(Extracted records)
=== Begin Enclosure ===

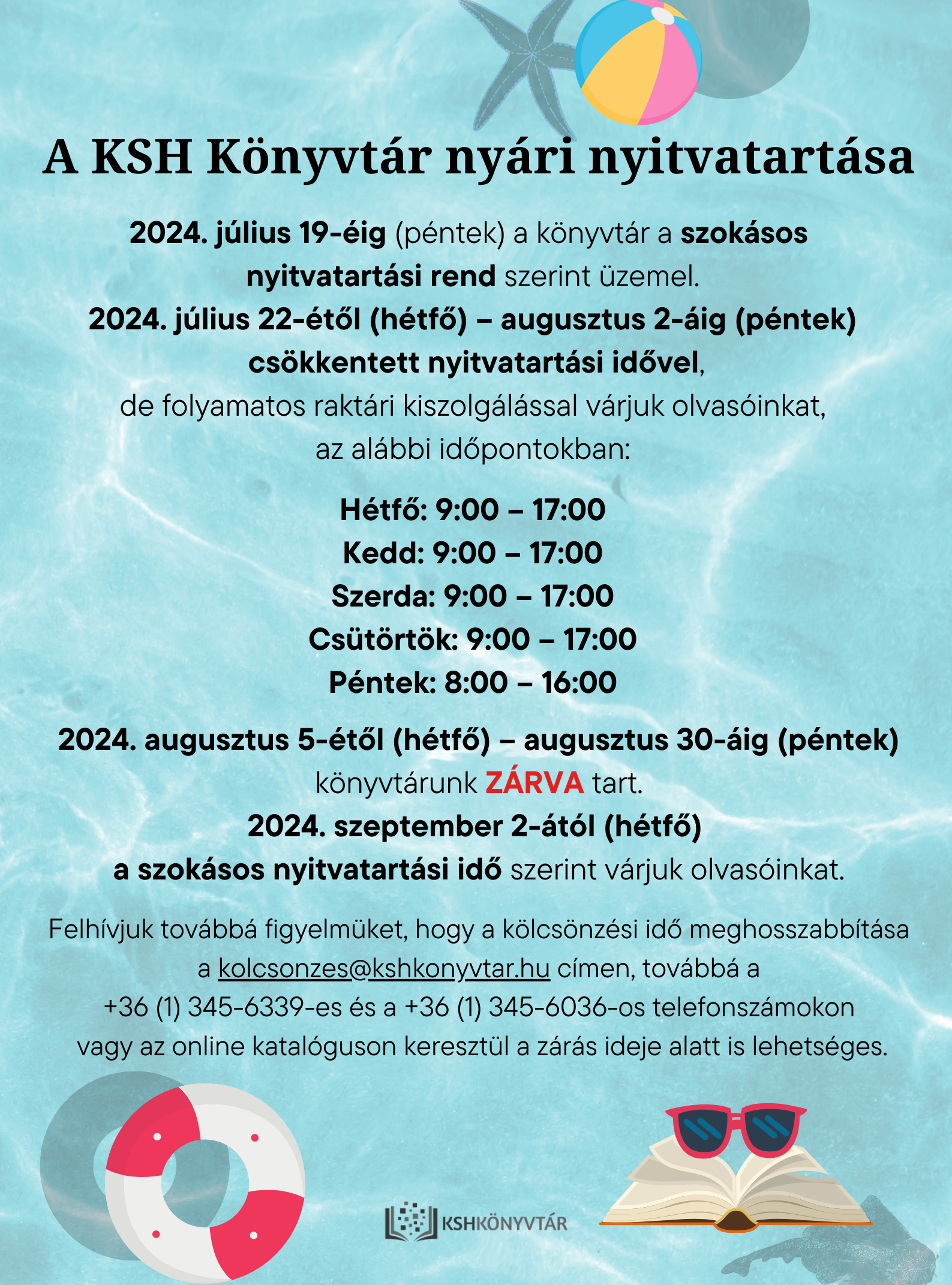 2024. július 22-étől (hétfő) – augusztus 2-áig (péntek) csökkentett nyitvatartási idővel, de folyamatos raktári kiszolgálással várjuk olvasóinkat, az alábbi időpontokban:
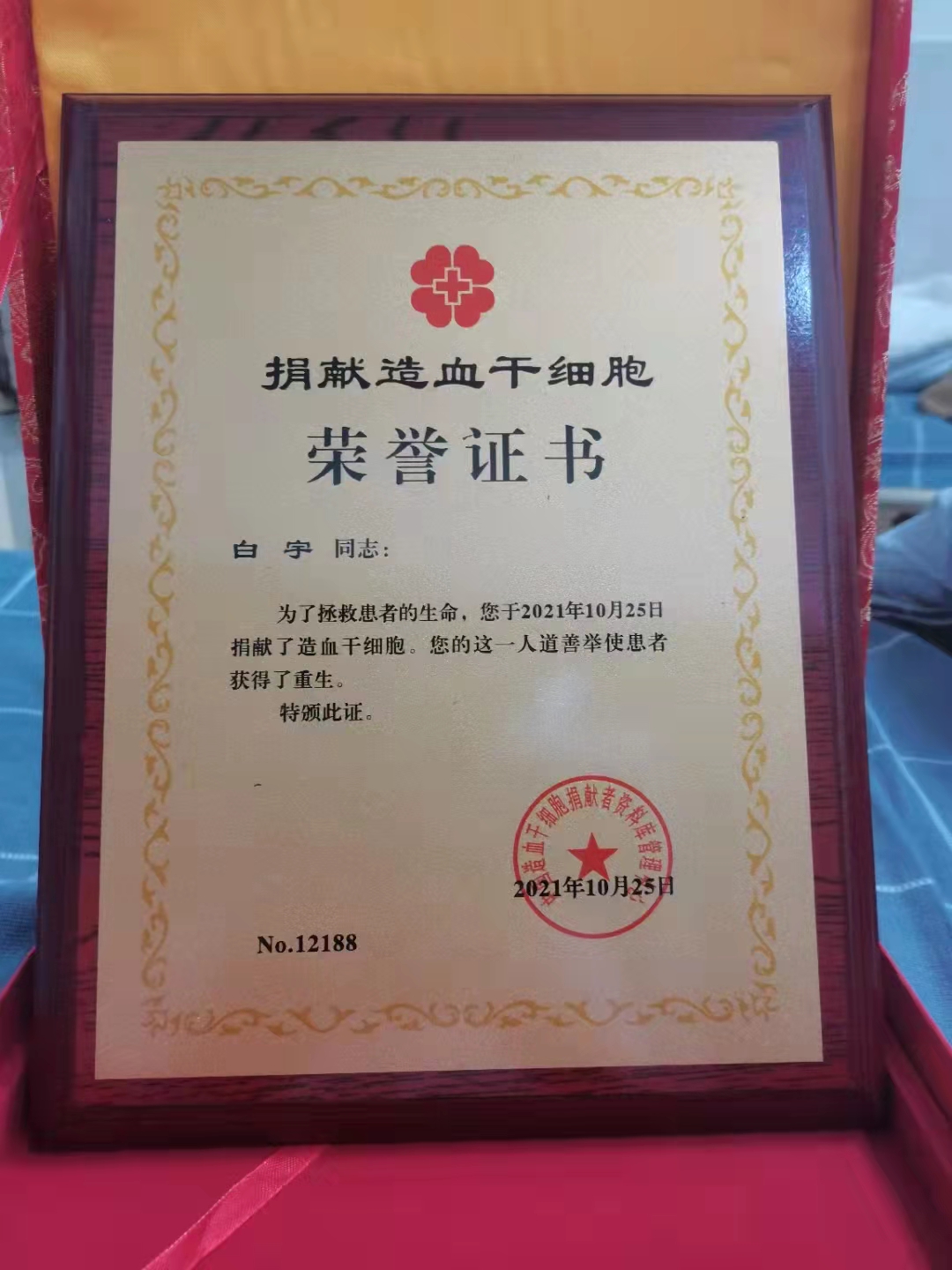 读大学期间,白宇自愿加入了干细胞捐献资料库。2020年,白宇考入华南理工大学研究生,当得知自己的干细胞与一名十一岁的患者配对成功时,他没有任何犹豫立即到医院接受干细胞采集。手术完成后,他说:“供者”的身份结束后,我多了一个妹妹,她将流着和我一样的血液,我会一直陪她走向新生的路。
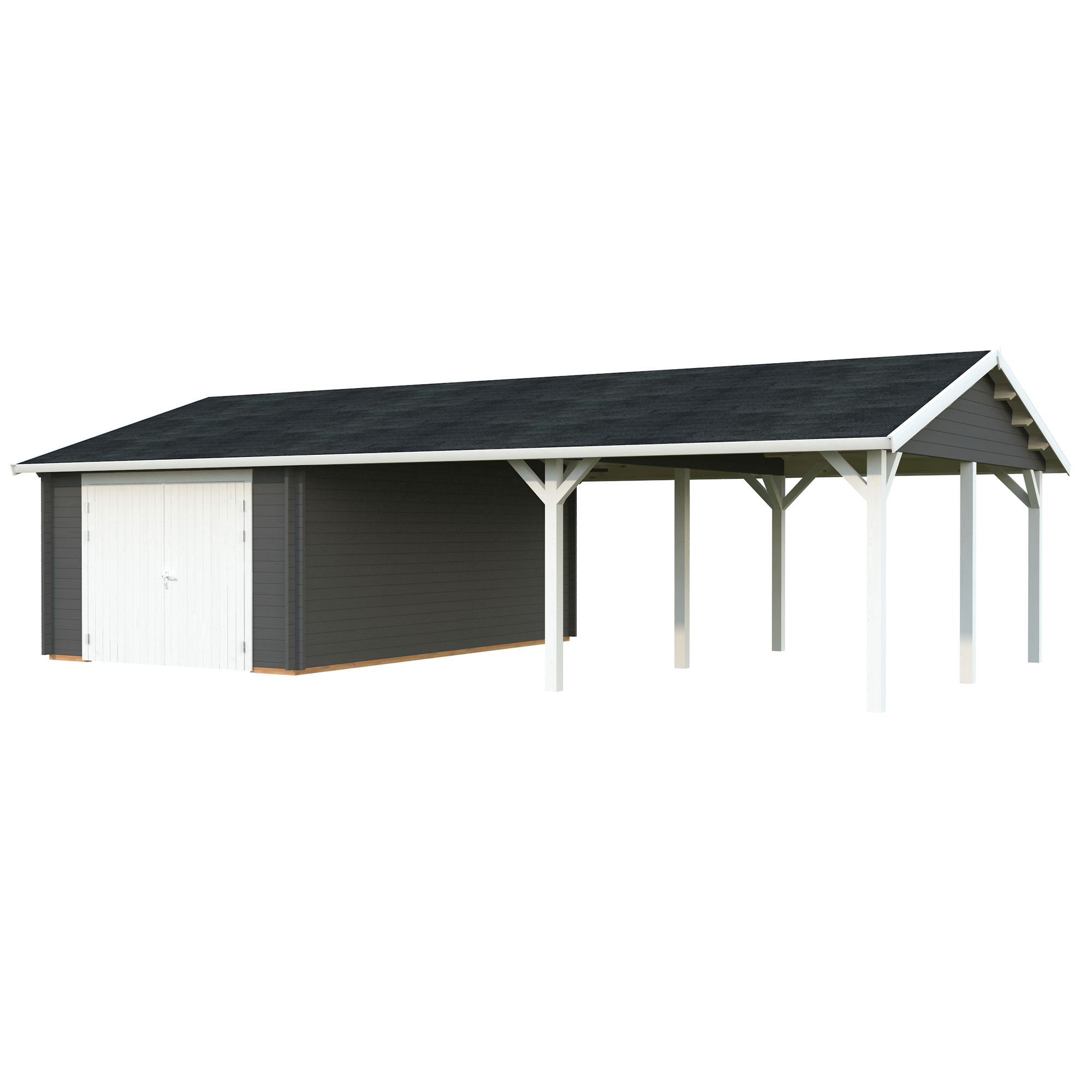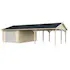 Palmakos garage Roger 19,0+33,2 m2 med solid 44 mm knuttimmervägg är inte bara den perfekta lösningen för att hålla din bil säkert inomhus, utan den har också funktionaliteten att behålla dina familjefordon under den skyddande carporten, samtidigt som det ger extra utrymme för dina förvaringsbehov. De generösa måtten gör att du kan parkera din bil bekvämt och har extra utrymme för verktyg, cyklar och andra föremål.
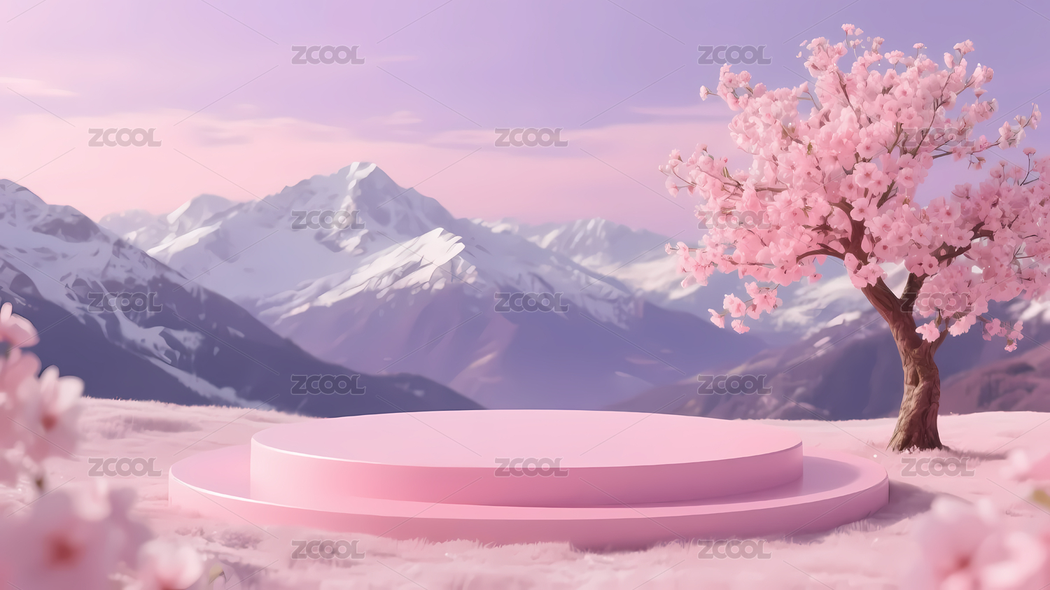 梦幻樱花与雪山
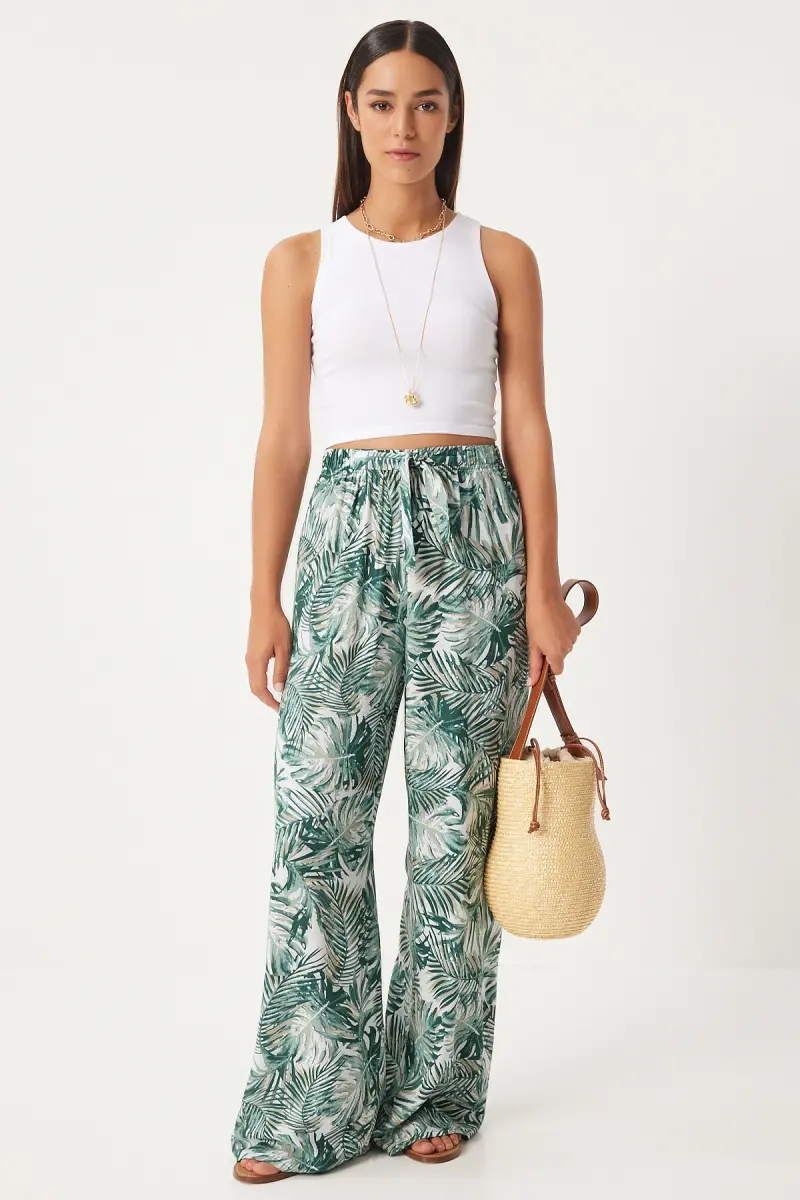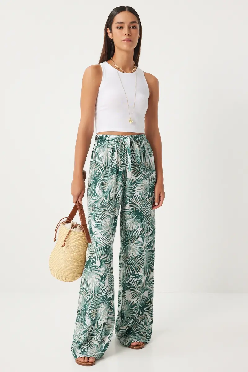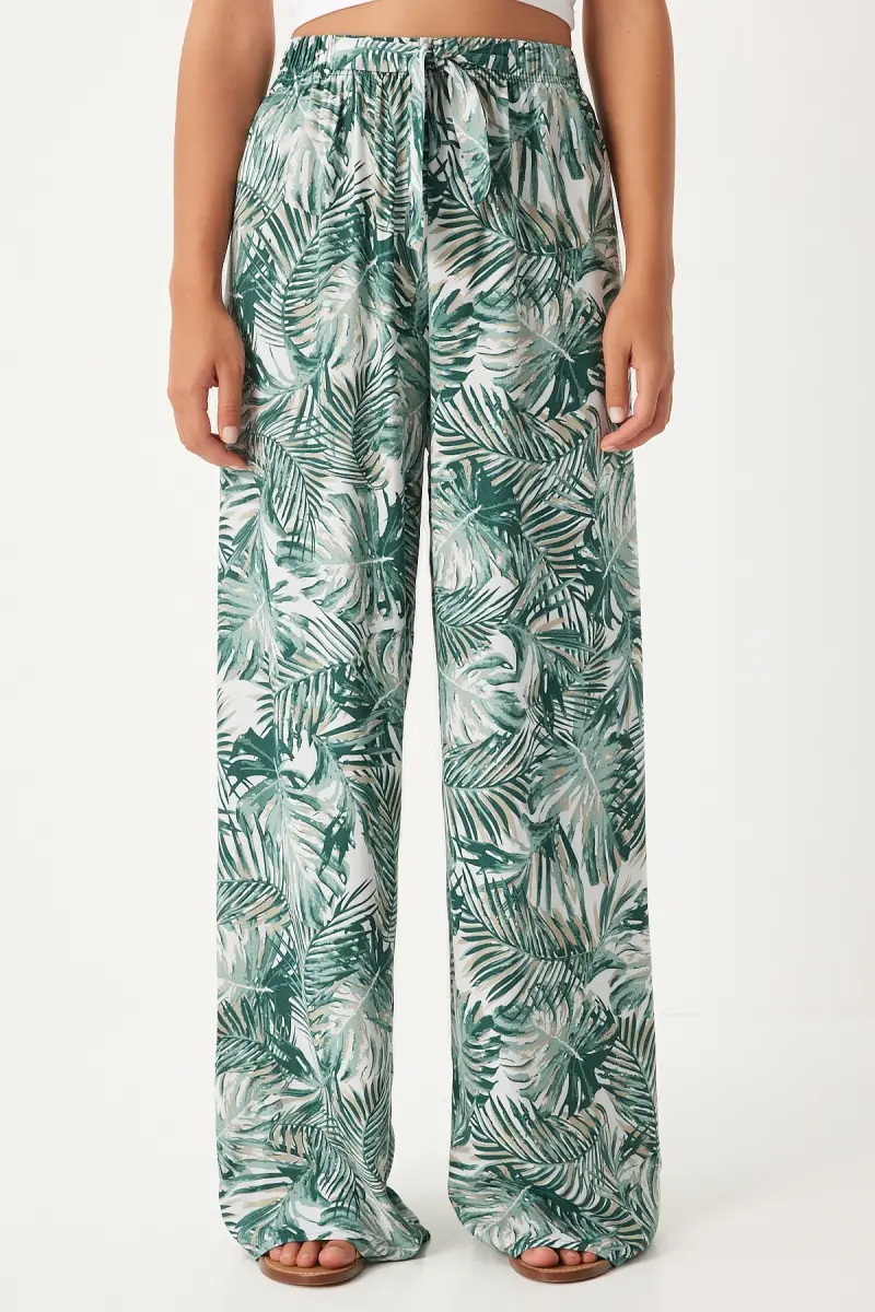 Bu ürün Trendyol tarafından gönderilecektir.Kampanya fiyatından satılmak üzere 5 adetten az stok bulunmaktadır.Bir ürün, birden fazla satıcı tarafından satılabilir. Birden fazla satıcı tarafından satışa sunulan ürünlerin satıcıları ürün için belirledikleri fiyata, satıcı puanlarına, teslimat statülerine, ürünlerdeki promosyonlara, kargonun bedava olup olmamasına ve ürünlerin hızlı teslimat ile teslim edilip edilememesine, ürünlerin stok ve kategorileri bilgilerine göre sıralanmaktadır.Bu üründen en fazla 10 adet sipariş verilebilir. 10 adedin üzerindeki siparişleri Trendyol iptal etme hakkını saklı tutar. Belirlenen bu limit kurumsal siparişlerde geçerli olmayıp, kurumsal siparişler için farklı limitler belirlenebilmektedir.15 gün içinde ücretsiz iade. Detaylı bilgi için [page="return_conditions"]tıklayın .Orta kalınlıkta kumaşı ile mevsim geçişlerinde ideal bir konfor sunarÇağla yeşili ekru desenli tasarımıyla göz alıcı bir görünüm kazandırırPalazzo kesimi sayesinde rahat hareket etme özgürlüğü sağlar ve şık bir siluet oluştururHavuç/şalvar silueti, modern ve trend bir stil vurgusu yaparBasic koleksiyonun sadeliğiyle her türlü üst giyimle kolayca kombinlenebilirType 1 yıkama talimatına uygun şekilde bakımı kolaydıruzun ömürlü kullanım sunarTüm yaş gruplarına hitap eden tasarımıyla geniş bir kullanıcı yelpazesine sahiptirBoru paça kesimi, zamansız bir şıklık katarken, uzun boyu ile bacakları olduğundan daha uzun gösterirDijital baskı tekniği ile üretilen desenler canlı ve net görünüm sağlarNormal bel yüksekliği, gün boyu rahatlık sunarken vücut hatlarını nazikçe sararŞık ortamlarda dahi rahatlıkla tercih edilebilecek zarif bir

=== End Enclosure ===

■ PROBLEM DETAILS: Transcribe every entry word for word, excluding images.

■ TASK OUTPUT:
 2024. július 22-étől (hétfő) – augusztus 2-áig (péntek) csökkentett nyitvatartási idővel, de folyamatos raktári kiszolgálással várjuk olvasóinkat, az alábbi időpontokban:
 读大学期间,白宇自愿加入了干细胞捐献资料库。2020年,白宇考入华南理工大学研究生,当得知自己的干细胞与一名十一岁的患者配对成功时,他没有任何犹豫立即到医院接受干细胞采集。手术完成后,他说:“供者”的身份结束后,我多了一个妹妹,她将流着和我一样的血液,我会一直陪她走向新生的路。
 Palmakos garage Roger 19,0+33,2 m2 med solid 44 mm knuttimmervägg är inte bara den perfekta lösningen för att hålla din bil säkert inomhus, utan den har också funktionaliteten att behålla dina familjefordon under den skyddande carporten, samtidigt som det ger extra utrymme för dina förvaringsbehov. De generösa måtten gör att du kan parkera din bil bekvämt och har extra utrymme för verktyg, cyklar och andra föremål.
 梦幻樱花与雪山
 Bu ürün Trendyol tarafından gönderilecektir.Kampanya fiyatından satılmak üzere 5 adetten az stok bulunmaktadır.Bir ürün, birden fazla satıcı tarafından satılabilir. Birden fazla satıcı tarafından satışa sunulan ürünlerin satıcıları ürün için belirledikleri fiyata, satıcı puanlarına, teslimat statülerine, ürünlerdeki promosyonlara, kargonun bedava olup olmamasına ve ürünlerin hızlı teslimat ile teslim edilip edilememesine, ürünlerin stok ve kategorileri bilgilerine göre sıralanmaktadır.Bu üründen en fazla 10 adet sipariş verilebilir. 10 adedin üzerindeki siparişleri Trendyol iptal etme hakkını saklı tutar. Belirlenen bu limit kurumsal siparişlerde geçerli olmayıp, kurumsal siparişler için farklı limitler belirlenebilmektedir.15 gün içinde ücretsiz iade. Detaylı bilgi için [page="return_conditions"]tıklayın .Orta kalınlıkta kumaşı ile mevsim geçişlerinde ideal bir konfor sunarÇağla yeşili ekru desenli tasarımıyla göz alıcı bir görünüm kazandırırPalazzo kesimi sayesinde rahat hareket etme özgürlüğü sağlar ve şık bir siluet oluştururHavuç/şalvar silueti, modern ve trend bir stil vurgusu yaparBasic koleksiyonun sadeliğiyle her türlü üst giyimle kolayca kombinlenebilirType 1 yıkama talimatına uygun şekilde bakımı kolaydıruzun ömürlü kullanım sunarTüm yaş gruplarına hitap eden tasarımıyla geniş bir kullanıcı yelpazesine sahiptirBoru paça kesimi, zamansız bir şıklık katarken, uzun boyu ile bacakları olduğundan daha uzun gösterirDijital baskı tekniği ile üretilen desenler canlı ve net görünüm sağlarNormal bel yüksekliği, gün boyu rahatlık sunarken vücut hatlarını nazikçe sararŞık ortamlarda dahi rahatlıkla tercih edilebilecek zarif bir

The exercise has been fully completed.